A review by catamoore
What Is the What by Dave Eggers

4.0

This is an incredible book. It deserves a 4.5, but drat! That's not an option. Since I live in Atlanta, Achak's story was immediately relevant (and kind of amusing that he survived the Sudanese Civil War, but his thoughts on Atlanta? Now THAT'S somewhere you don't wanna be). Piedmont Hospital, North DeKalb Mall, Georgia Perimeter College... all these locations are part of my everyday lexicon and life and helped me relate to Achak and his experience all the more. It brought Sudan HERE. To America. To my everyday life. I don't think any other book I've ever read has so successfully connected me with the conflict of a foreign nation and helped me to understand and empathize with it.

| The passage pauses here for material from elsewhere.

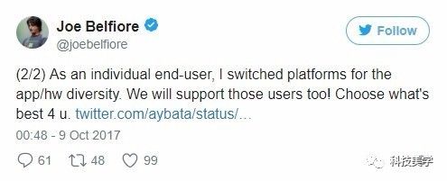 他坦言,作为一个独立终端用户,自已也因为应用和硬件有更多选择改用了其它平台手机(Android)。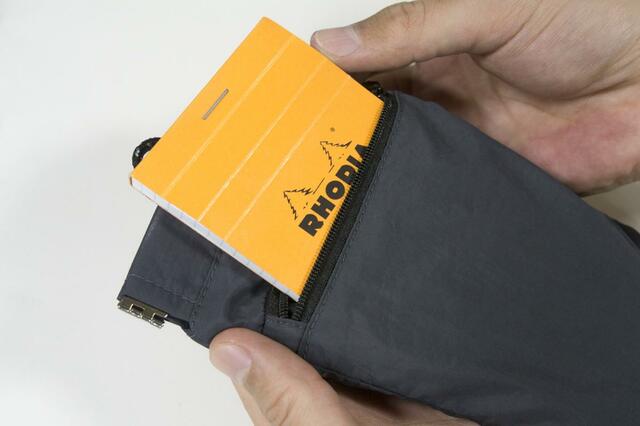 さらに、この状態からファスナーポケットにメモ帳(ブロックロディア No.11)を入れると。

I listened to the book on audiobook (uploaded from CDs to my iPod), which caused some problems because the discs would sometimes run out of order and I got confused because the book would jump around from different time periods and places so it wasn't immediately clear to me when I was listening to the wrong disc. This probably cut down some of my enjoyment, understanding, and appreciation of the book, by no fault of its own. Dion Graham's reading is spot-on and engaging.

The voice in which Dave Eggers writes and the dialogue he's reconstructed read as genuine (for the most part). I would be interested in a sequel actually written by Achak Deng in his own words to see how accurately Dave Eggers depicted him.

Overall, a powerful, heartbreaking, inspiring book.

**SPOILER (kind of)**
The What is Achak's Matrix-like choice to leave what he has been given (Sudan and the conflict) and the unknown. The What is unpredictable, scary, maybe is even sometimes worse than the cows of Sudan, but allows for that bright light of POSSIBILITY.